7. Gestion du rôle du PGO dans la société 

7.1. Recherche

Le PGO est prêt à coopérer et à contribuer au travail de recherche qui est déterminant pour faire avancer le développement du travail professionnel et rend ses propres travaux de recherche accessibles à la communauté des PGOs. Dans tous ces cas, le respect de la confidentialité et des intérêts du client est primordial.

7.2. Dans ses propres travaux de recherche, le PGO observe les règles de respect du travail de ses collègues ; les droits d’auteur de tous les documents professionnels doivent être respectés.

7.3. Le PGO respecte les travaux des collègues, y compris en public, et s’abstient de remarques disqualifiantes sur d’autres modèles théoriques, écoles ou collègues dans ses différents engagements professionnels.
7.4. Les aspects politiques du travail en organisation.

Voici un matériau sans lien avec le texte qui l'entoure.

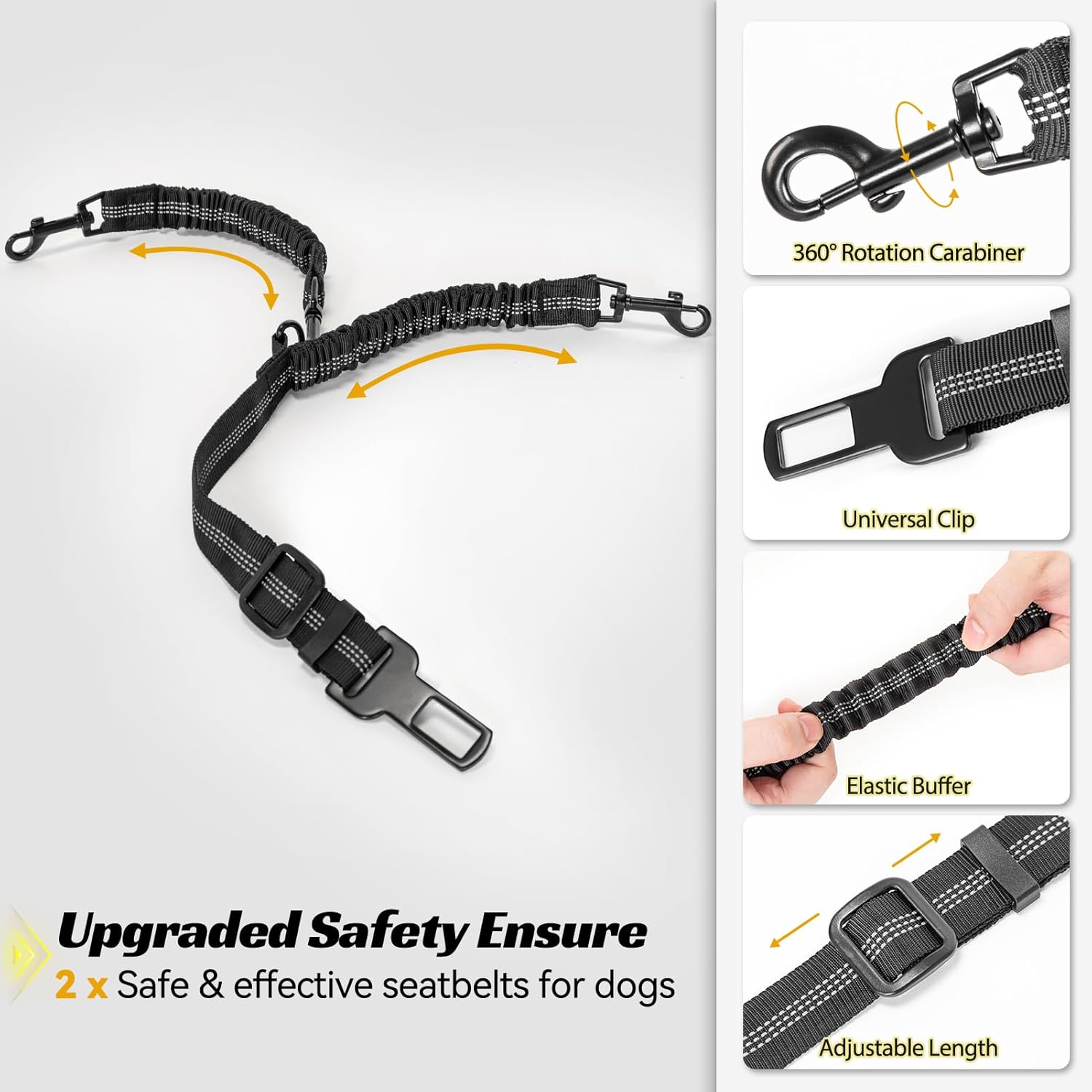 - [Upgraded Safety Rope] The dog car seat medium sized dog comes with an upgraded leash, that directly connects the pet vest to the car seat belt buckle through a special seat belt tongue. The elastic buffer design can protect your dog from sudden braking or sharp turns. Removable safety rope suitable for 1 or 2 pets.

Le PGO est conscient des implications sociales et politiques de son travail et des aspects sociaux et politiques qui font partie du contexte de ses clients ou systèmes clients et organisations.

7.5. Dans les cas où les conditions sont enfreintes, le PGO doit penser à signaler les infractions au comité d’éthique pour conseil.

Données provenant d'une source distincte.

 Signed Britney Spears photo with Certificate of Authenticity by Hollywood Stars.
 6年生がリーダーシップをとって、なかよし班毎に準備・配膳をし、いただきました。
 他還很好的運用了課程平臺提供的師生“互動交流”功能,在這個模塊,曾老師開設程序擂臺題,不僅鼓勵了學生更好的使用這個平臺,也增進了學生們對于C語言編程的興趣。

8 La formation gestaltiste en organisation

 8.1. La formation doit informer ceux qui sont en apprentissage des développements théoriques, méthodologiques et techniques du travail en organisation en général et de l’approche gestaltiste en particulier, d’une façon objective et compréhensible. Les points de vue personnels des enseignants doivent être déclarés comme tels. Aucune fausse attente ne doit être suscitée, spécialement pour ce qui est de la reconnaissance officielle de la formation par les autorités et les lois nationales.

8.2. Les instituts de formation en Gestalt vérifieront les qualifications, attentes et aptitudes psychophysiques des candidats et fourniront des informations claires et complètes sur le cursus et les règlements internes.

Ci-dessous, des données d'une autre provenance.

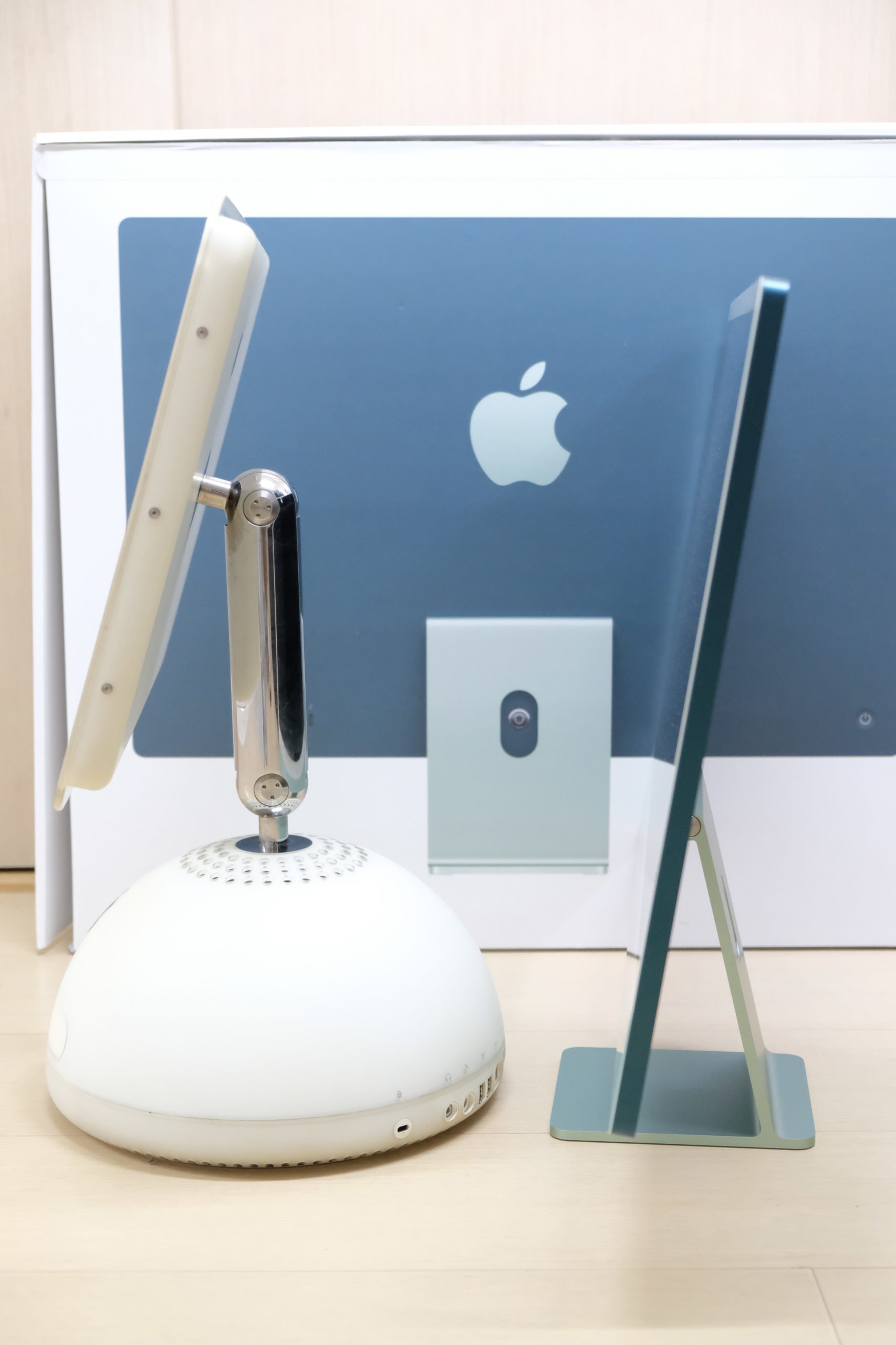 iMac 在維持了數年不變的銀色圓弧機身設計後,終於迎來的大改款。除了晶片從(不爭氣的) intel 改成自家設計的 ARM 架構 M1 晶片之外,搶眼的外型更是讓它在剛推出的時候,就引起蘋果同好圈的大量討論,機身背面我覺得非常漂亮,高飽和度的金屬彩色非常具有設計感,而白色邊框跟寬厚下巴則是這次設計最讓人起爭議的元素,寬厚下巴我沒意見,不過白色邊框我就得拿出信仰來為蘋果辯護,來來來,我這就請出半年前我從垃圾堆撿回來修復的 2002 年 iMac G4,看看這個前衛的檯燈造型,沒有人會說這台電腦不好看吧。要說”經典的 iMac 設計”,我並不會把這個名號頒給上一代的銀色 unibody iMac,檯燈造型 iMac G4 才是我心目中最頂尖的 iMac 造型,它是地球上第一個擁有 flat panel 平面螢幕的一體機,當時可是嚇壞了不少人。

8.3. Les instituts de formation en Gestalt garantiront la qualité de la formation à la fois au regard de la compétence spécifique des personnes qui enseignent et supervisent et au regard de la cohérence du cursus. Ils fourniront un contrôle interne pour vérifier la qualité de la formation et fourniront l’espace et le lieu pour la mise à jour et la comparaison des méthodologies d’enseignement.

8.4. Le PGO ne doit pas enseigner dans un institut qui ne respecte pas l’éthique des PGOs.

8.5. Les instituts de formation en Gestalt vérifieront périodiquement si un étudiant a atteint un niveau satisfaisant de formation pour être certifié comme PGO dans le futur et fourniront des structures appropriées et transparentes pour cela.

8.6. Les instituts de formation en Gestalt contrôleront et garantiront des standards appropriés personnels, didactiques, cliniques et scientifiques au sein de leur personnel de formateurs.

9 - Les conflits d’intérêts

9.1. Si le PGO se trouve en conflit entre plusieurs positions et exigences éthiques et ne peut résoudre ce conflit par lui-même/elle-même ou avec l’aide de la covision et de la supervision, il/elle s’adresse au comité d’éthique de son institut ou association professionnelle afin d’y trouver le soutien ou les consultations nécessaires.

9.2. Il peut être opportun de solliciter le soutien ou la consultation du comité éthique PGO de l’EAGT et de tenir ce comité informé.

10. Procédures judiciaires

10.1. Tout PGO membre de l’EAGT, condamné par une cour de justice pour un délit criminel ou qui a fait l'objet d'une action civile réussie par un(e) client(e), en informera le comité exécutif de l'EAGT.